A graph database designed for deep analytics
graph databases offer a more efficient way to model relationships and networks than relational (SQL) databases or other kinds of NoSQL databases (document, wide column, and so on). Lately many products have arisen in this space, which was originally (in 1999) the sole province of Neo4j.
TigerGraph, a recent arrival, is a “real-time native parallel graph database.” TigerGraph is available for deployment in the cloud or on-premises, it scales both up and out, it automatically partitions a graph within a cluster, it's ACID compliant, it has built-in data compression, and it claims to be faster than the competition. As we'll see, it uses a message-passing architecture that is inherently parallel in a way that scales with the size of the data.

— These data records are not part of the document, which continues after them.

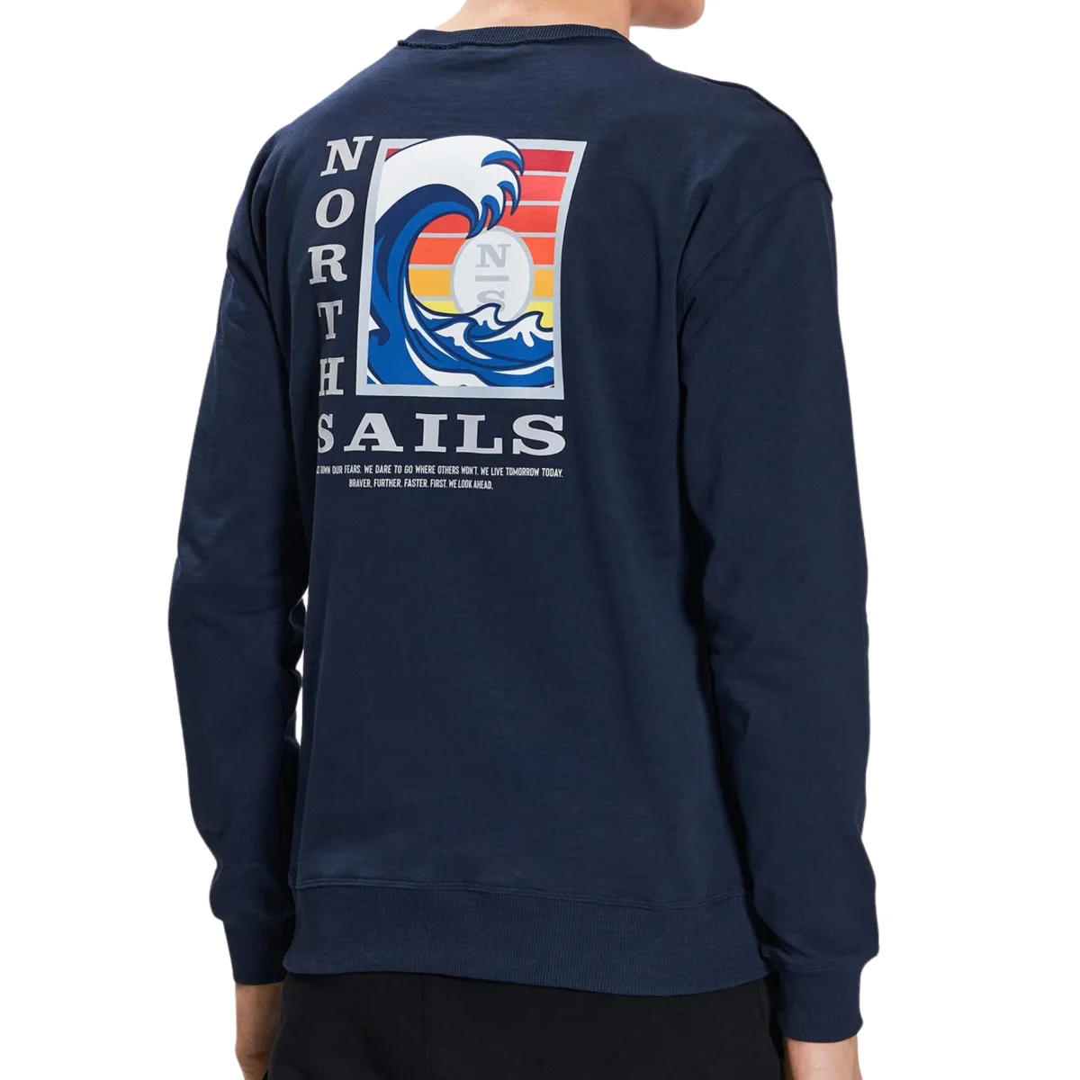 Felpa girocollo in pile organico fiammato con grafica su schiena e petto.
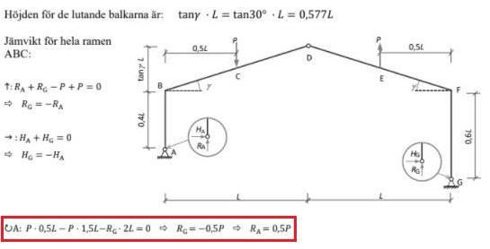 I det rödmarkerade ser vi en felaktig momentekvation där momentet från saknas (den har hävarmen 0,2L). Denna skulle alltså vara:
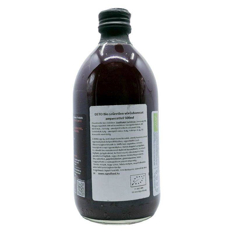 Az ecet egészséges tulajdonságai miatt ideális összetevőként használható öntetekhez, salátákhoz, gyógyteákhoz vagy vízben higítva. Az erjesztés során keletkező “anyának" köszönhető a bio, szűretlen vörösborecet egészségre gyakorolt élettani hatása. Ez a kiváló bio vörösborecet természetesen gluténmentes, alacsony cukortartalmú, zsírmentes, halal, 100%-ban olasz, és italként használható, ha vízzel hígítjuk, gyógyteaként, ha forró vízzel, citrommal és friss gyömbérrel hígítjuk, vagy a kedvenc ételek fűszereként. A vörösborecet alacsony tápértékű (kb. 2 kalória/10 ml), segíti a fogyást, gátolja a vércukorszint-emelkedést, javítja az emésztést, csökkenti a koleszterinszintet. Összetevők: bio vörösbor. Szulfitokat tartalmaz. Savasság 6%.

TigerGraph was designed to be able to perform deep link analytics as well as real-time online transaction processing (OLTP) and high-volume data loading. By “deep link analytics,” TigerGraph means following relationships from a vertex through the graph for three or more hops and analyzing the results. Most other graph databases were designed primarily for OLTP and for the navigation and analysis of small numbers of hops; any serious analytic capabilities were added later.
While there are several open-source graph query languages that have been widely adopted, such as Cypher, Gremlin, and SPARQL, TigerGraph has a new query language, GSQL. GSQL combines SQL-like query syntax with Cypher-like graph navigation, plus procedural programming and user-defined functions.